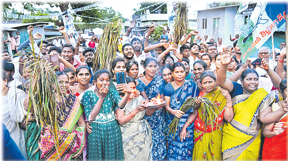 సాక్షి, అమరావతి: మోంథా తుపాను ధాటికి విలవిల్లాడిన రైతులను పరామర్శించేందుకు మంగళవారం మాజీ సీఎం వైఎస్ జగన్మోహన్రెడ్డి చేపట్టిన కృష్ణా జిల్లా పర్యటన దిగ్విజయంగా సాగింది. తమ కన్నీళ్లు తుడిచేందుకు వచ్చిన జననేతకు అడుగడుగునా ప్రజలు బ్రహ్మరథం పట్టారు. దారి పొడవునా ఆయనకు ఘన స్వాగతం పలికారు. పల్లెల్లో మహిళలు రోడ్లకిరువైపులా నిలబడి పూలవర్షం కురిపించారు. అడుగడుగునా ఆంక్షలు పెట్టినా, రోడ్లు, కూడళ్లు, సరిహద్దుల్లో బారికేడ్లు పెట్టి.. తాళ్లతో దారులు మూసేసినా ప్రజలు వెనుకడుగు వేయలేదు.
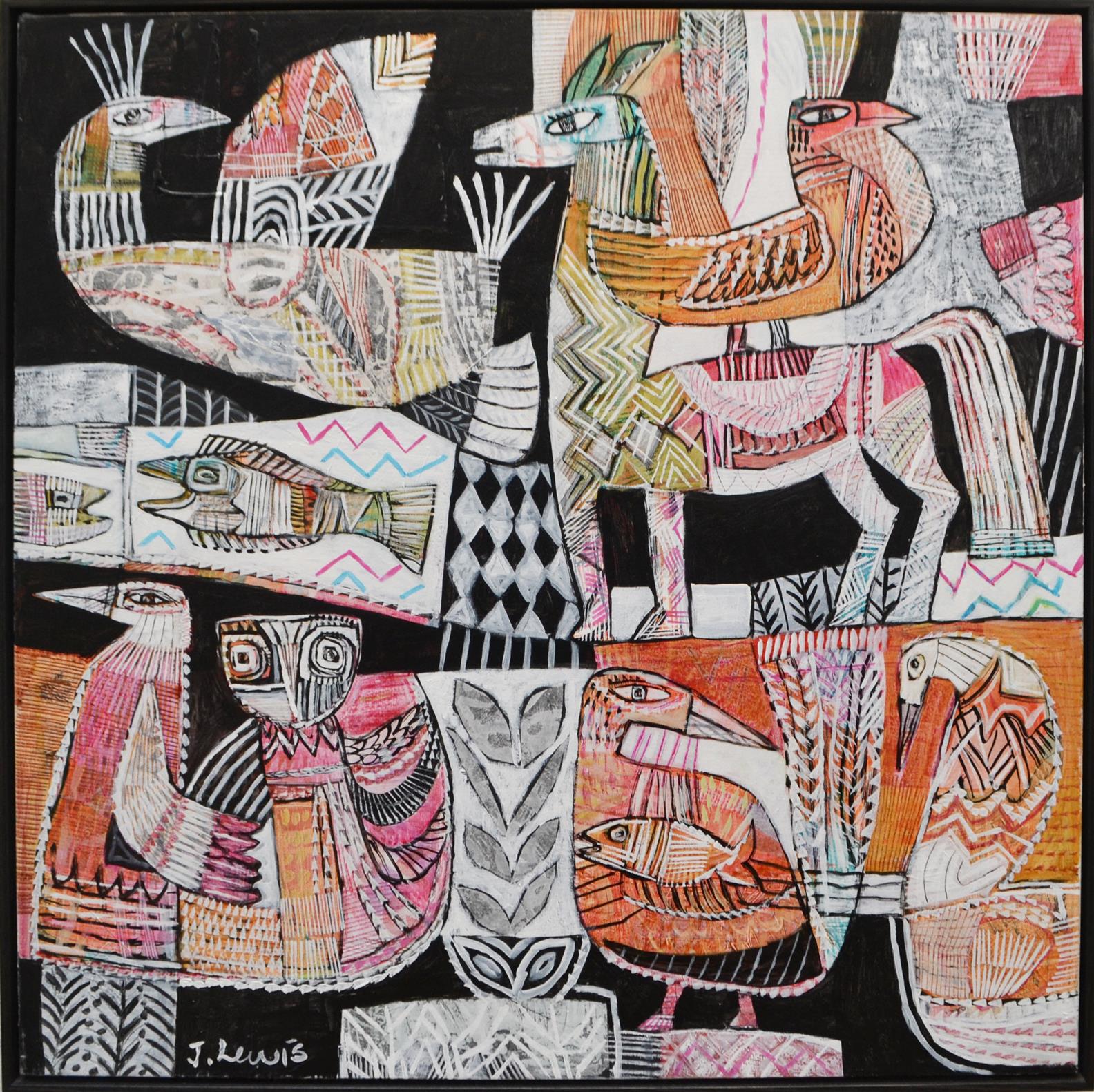 JILL LEWIS, BIRDS WHO PERFORM, ACRYLIC ON CANVAS, 100 X 100CM
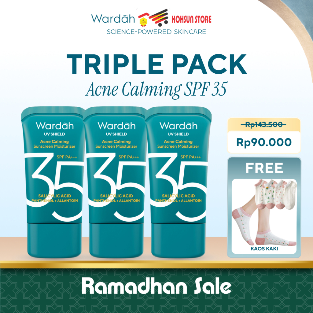 (3 PCS Lebih Hemat) Wardah UV Shield Acne Calming SPF35 PA+++ 35ml - Salicylic Acid Vit B3 + Panthenol
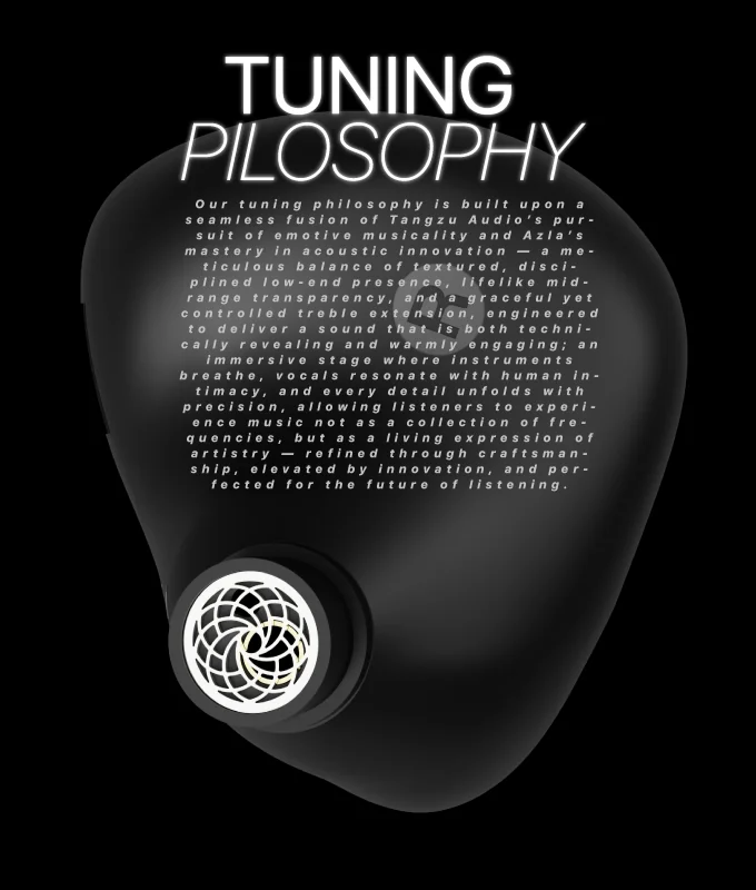 > Our tuning philosophy is built upon the seamless integration of Tang Dynasty's pursuit of emotional musicality and AZLA's exquisite acoustic innovation—rich and controlled low frequencies, transparent and natural mid frequencies, and elegant and well-controlled high frequencies. All of this is meticulously designed to deliver a sound that precisely reveals details while remaining warm and moving; constructing an immersive soundstage that allows instruments to breathe freely, vocals to resonate with genuine emotion, and every detail to be precisely presented. It brings users a perception beyond frequency, allowing them to experience the essence of music as a vibrant art form — meticulously crafted and innovatively elevated, dedicated to creating the ultimate auditory experience.
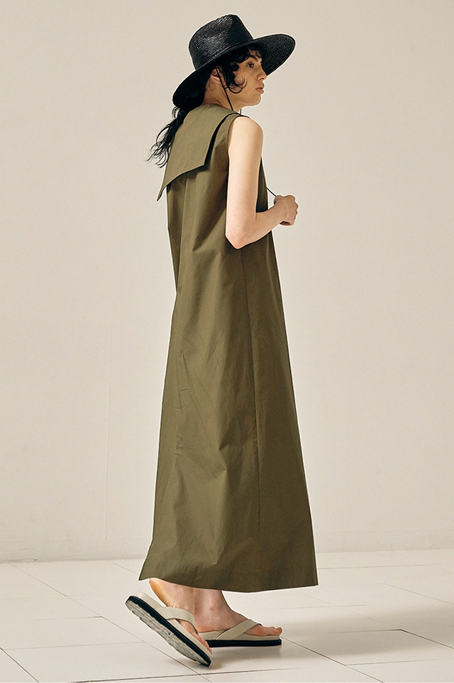遊び心くすぐるセーラーカラーが目を惹くワンピース。着丈はしっかり長さがあり、バックスリット入りなので足さばきのしやすいデザイン。シャツのようなハリのある素材できちんと感を持ち合わせ、セーラーカラーを大人顔にシフトして着ていただけます。
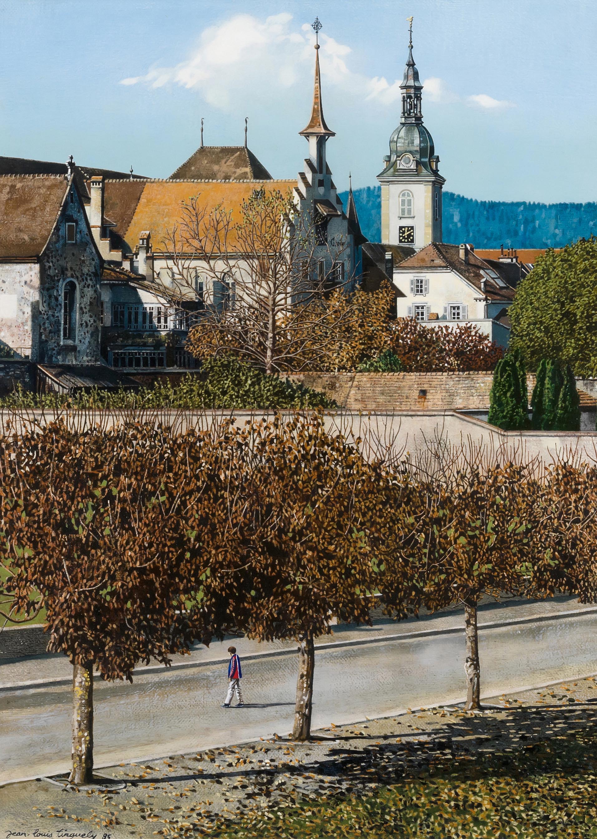 "Bulle, Ste-Croix et l'église", 1985. Öl auf Leinwand. Unten links signiert und datiert, verso auf Etikett bezeichnet. 72x53 cm.
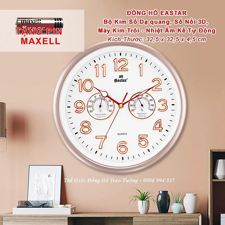 - Đồng hồ Kim trôi có Dạ Quang và Nhiệt ẩm kế Cơ hình tròn kiểu dáng Hiện đại.
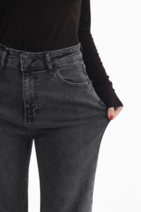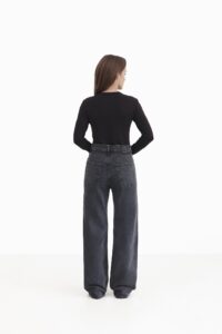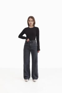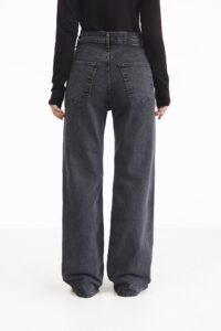 Стильні джинси з високою посадкою та вільним кроєм по стегнах. Функціональні кишені, шльовки для ременя та класична застібка на блискавку й ґудзик роблять їх універсальними, а щільний пояс підкреслює талію й додає витонченості силуету. Ідеальний вибір для сучасного гардеробу
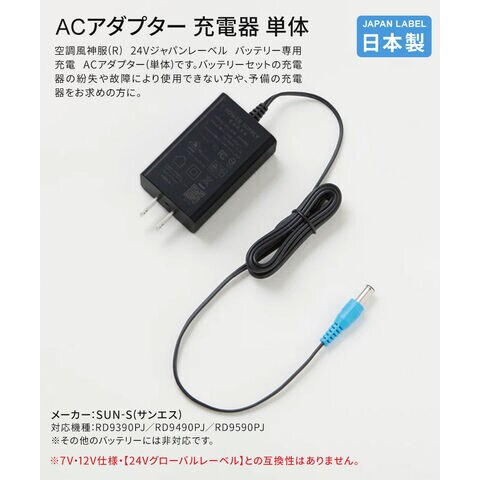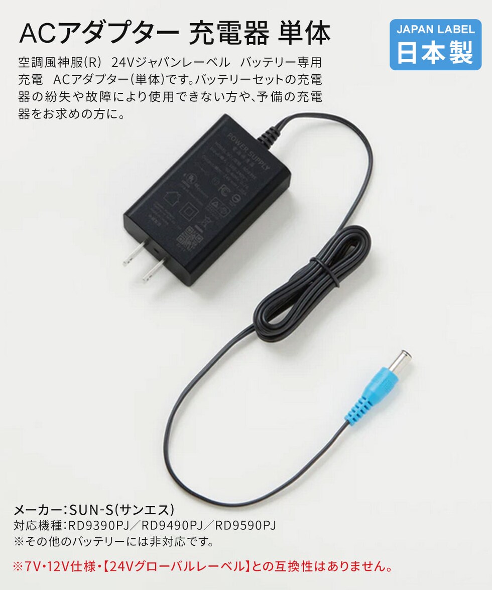 リチウムイオン バッテリー 用 ACアダプター 24V用 充電器 単体 Japan Label 黒 SUN-S サンエス アタックベース 空調風神服
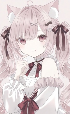 1girl, solo, long hair, looking at viewer, blush, smile, bangs, blonde hair, shirt, hair ornament, red eyes, long sleeves, bow, animal ears, hair between eyes, bare shoulders, closed mouth, white shirt, upper body, pink hair, hair bow, heart, multicolored hair, frills, detached sleeves, choker, tongue, hairclip, puffy sleeves, virtual youtuber, cat ears, tongue out, sailor collar, red bow, animal ear fluff, one side up, hair intakes, x hair ornament, cat girl, puffy long sleeves, white sleeves, :q, heart hair ornament,red sailor collar, frilled sailor collar
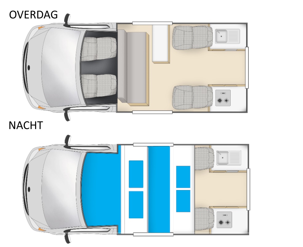 Voordelige familiecamper met beperkte ruimte. Niet te groot en eenvoudig in gebruik. Geen toilet/douche en enkel koud water. Minimum leeftijd om deze camper te huren is 18 jaar. Geschikt voor twee volwassenen en twee kleine kinderen. Er zijn twee baby- of kinderzitjes te plaatsen. Tweepersoonsbed van 1.85 bij 1.24m en tweepersoonsbed (top bunk) van 2.00 bij 1.20 m (maximale gewicht is 200 kg). Binnenhoogte is 1.95-1.98m. De genoemde afmetingen kunnen in de praktijk enigszins afwijken.
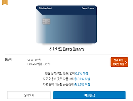 전체 글 (1) 썸네일형 리스트형 신한 딥드림카드 (Deep dream) 혜택 정보 신한 딥드림카드이란?신한카드에서 출시된 딥드림 (Deep Dream) 카드는 신한카드가 옛날의 LG카드와 통합 한지 10주년을 맞이하여 출시한 신용카드입니다. 신한 딥드림카드 혜택이 카드는 다른 카드와는 달리 전월 실적에 상관없이 모든 가맹점에서 0.7%가 적립된다는 특징이 있습니다. 만약 전월 이용실적이 30만원 이상이면서, 5가지 업종(드림영역)에서 사용시 추가로 적립되어 총 2.1~3.5%가 마이신한 포인트로 적립됩니다. * 드림영역 - 할인점, 편의점&잡화, 영화&커피, 해외, 이동통신요금 포인트 적립 외에도 전월실적이 30만원 이상인 경우, 주말에 주유소 이용시 리터당 80원이 적립되며, 택시 할인도 혜택도 있습니다. 신한 딥드림카드 적립 상세딥드림카드는 기본적립(모두드림, 0.7%)과 추가적립.. 이전 1 다음
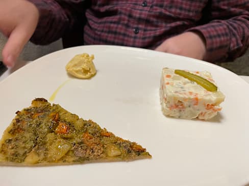 9.5/10We had a glass of wine with the black bean lasagna and vegetable pie with house salad, stiff water, and bread. Only regrets was that all the food came at once; including the salad. Oft the beaten path little hideaway with delicious offerings.
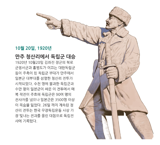 1920년 10월20일 김좌진 장군의 북로군정서군과 홍범도가 이끄는 대한독립군 등이 주축이 된 독립군 부대가 만주에서 일본군 대부대를 섬멸한 청산리 전투가 시작되었다.

* * *

TASK REQUIREMENTS: Beginning with the first line of the records and ending with the line that contains "リチウムイオン バッテリー 用", reproduce every line exactly, omitting pictures and adding nothing.

REPLY TO THE EXERCISE:
 సాక్షి, అమరావతి: మోంథా తుపాను ధాటికి విలవిల్లాడిన రైతులను పరామర్శించేందుకు మంగళవారం మాజీ సీఎం వైఎస్ జగన్మోహన్రెడ్డి చేపట్టిన కృష్ణా జిల్లా పర్యటన దిగ్విజయంగా సాగింది. తమ కన్నీళ్లు తుడిచేందుకు వచ్చిన జననేతకు అడుగడుగునా ప్రజలు బ్రహ్మరథం పట్టారు. దారి పొడవునా ఆయనకు ఘన స్వాగతం పలికారు. పల్లెల్లో మహిళలు రోడ్లకిరువైపులా నిలబడి పూలవర్షం కురిపించారు. అడుగడుగునా ఆంక్షలు పెట్టినా, రోడ్లు, కూడళ్లు, సరిహద్దుల్లో బారికేడ్లు పెట్టి.. తాళ్లతో దారులు మూసేసినా ప్రజలు వెనుకడుగు వేయలేదు.
 JILL LEWIS, BIRDS WHO PERFORM, ACRYLIC ON CANVAS, 100 X 100CM
 (3 PCS Lebih Hemat) Wardah UV Shield Acne Calming SPF35 PA+++ 35ml - Salicylic Acid Vit B3 + Panthenol
 > Our tuning philosophy is built upon the seamless integration of Tang Dynasty's pursuit of emotional musicality and AZLA's exquisite acoustic innovation—rich and controlled low frequencies, transparent and natural mid frequencies, and elegant and well-controlled high frequencies. All of this is meticulously designed to deliver a sound that precisely reveals details while remaining warm and moving; constructing an immersive soundstage that allows instruments to breathe freely, vocals to resonate with genuine emotion, and every detail to be precisely presented. It brings users a perception beyond frequency, allowing them to experience the essence of music as a vibrant art form — meticulously crafted and innovatively elevated, dedicated to creating the ultimate auditory experience.
遊び心くすぐるセーラーカラーが目を惹くワンピース。着丈はしっかり長さがあり、バックスリット入りなので足さばきのしやすいデザイン。シャツのようなハリのある素材できちんと感を持ち合わせ、セーラーカラーを大人顔にシフトして着ていただけます。
 "Bulle, Ste-Croix et l'église", 1985. Öl auf Leinwand. Unten links signiert und datiert, verso auf Etikett bezeichnet. 72x53 cm.
 - Đồng hồ Kim trôi có Dạ Quang và Nhiệt ẩm kế Cơ hình tròn kiểu dáng Hiện đại.
 Стильні джинси з високою посадкою та вільним кроєм по стегнах. Функціональні кишені, шльовки для ременя та класична застібка на блискавку й ґудзик роблять їх універсальними, а щільний пояс підкреслює талію й додає витонченості силуету. Ідеальний вибір для сучасного гардеробу
 リチウムイオン バッテリー 用 ACアダプター 24V用 充電器 単体 Japan Label 黒 SUN-S サンエス アタックベース 空調風神服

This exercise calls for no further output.